(p) To the knowledge of the Company and except as set forth in the Registration Statement, Disclosure Package and Prospectus, there is no threatened action, suit or proceeding that could reasonably be expected to result in a Material Adverse Effect.
(q) Since the respective dates as of which information is given in the Registration Statement, the Disclosure Package and the Prospectus, there has not been any Material Adverse Effect, otherwise than as set forth or contemplated in the Prospectus.
(r) The Company is not and, after giving effect to the offering and sale of the Shares and the application of the proceeds thereof as described in the Disclosure Package and the Prospectus, will not be an “investment company” as defined in the Investment Company Act of 1940, as amended.
(s) Immediately after any sale of Shares by the Company hereunder, the aggregate amount of Shares which shall have been issued and sold by the Company hereunder and of any securities of the Company (other than the Shares) that shall have been issued and sold pursuant to the Registration Statement will not exceed the amount of securities registered under the Registration Statement.
(t) Neither the Company nor any of its subsidiaries nor, to the knowledge of the Company, any director, officer, agent, employee or affiliate of, or other person “associated with” (within the meaning of the Bribery Act (as defined below)), the Company or any of its subsidiaries is aware of or has taken any action, directly or indirectly, that would result in a violation by such persons of the Foreign Corrupt Practices Act of 1977, as amended, and the rules and regulations thereunder (the “FCPA”) (including, without limitation, making use of the mails or any means or instrumentality of interstate commerce corruptly in furtherance of an offer, payment, promise to pay or authorization of the payment of any money or other property, or a gift, promise to give or authorization of the giving of anything of value, to any “foreign official” (as such term is defined in the FCPA) or any foreign political party or official thereof or any candidate for foreign political office, in contravention of the FCPA) or the U.K. Bribery Act of 2010, as amended, and the rules and regulations thereunder (the “Bribery Act”); and the Company, its subsidiaries and, to the knowledge of the Company, its affiliates have conducted their businesses in compliance with the FCPA and the Bribery Act and have instituted and maintain policies and procedures designed to ensure, and which are reasonably expected to continue to ensure, continued compliance therewith.

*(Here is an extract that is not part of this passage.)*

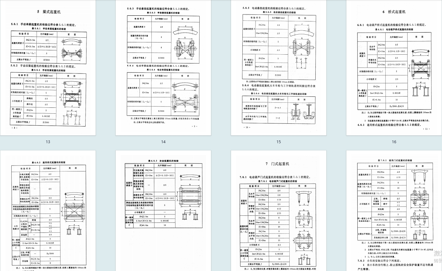 - 轨道与设备安装:轨道的平面位置、标高、跨度偏差等有严格限值,不同类型起重机(梁式、桥式等)的跨度、对角线、主梁弯曲等安装允许偏差分情况明确,部分条款为强制性条文。

(u) To the best knowledge of the Company, the operations of the Company and its subsidiaries are currently in material compliance with applicable financial recordkeeping and reporting requirements and the money laundering statutes and the rules and regulations thereunder and any related or similar rules, regulations or guidelines, issued, administered or enforced by any applicable governmental agency (collectively, the “Money Laundering Laws”), and no action, suit or proceeding by or before any court or governmental agency, authority or body or any arbitrator involving the Company or any of its subsidiaries with respect to the Money Laundering Laws is pending or, to the best knowledge of the Company, threatened.
(v) Neither the Company nor any of its subsidiaries nor, to the knowledge of the Company, any director, officer, agent, employee or affiliate of the Company or any of its subsidiaries is currently subject to any sanctions administered by the Office of Foreign Assets Control of the U.S. Treasury Department (“OFAC”); and the Company will not directly or indirectly use the proceeds of the offering, or lend, contribute or otherwise make available such proceeds to any subsidiary, joint venture partner or other person or entity, for the purpose of financing the activities of any person currently (or at the time of the application of such proceeds) subject to any U.S. sanctions administered by OFAC.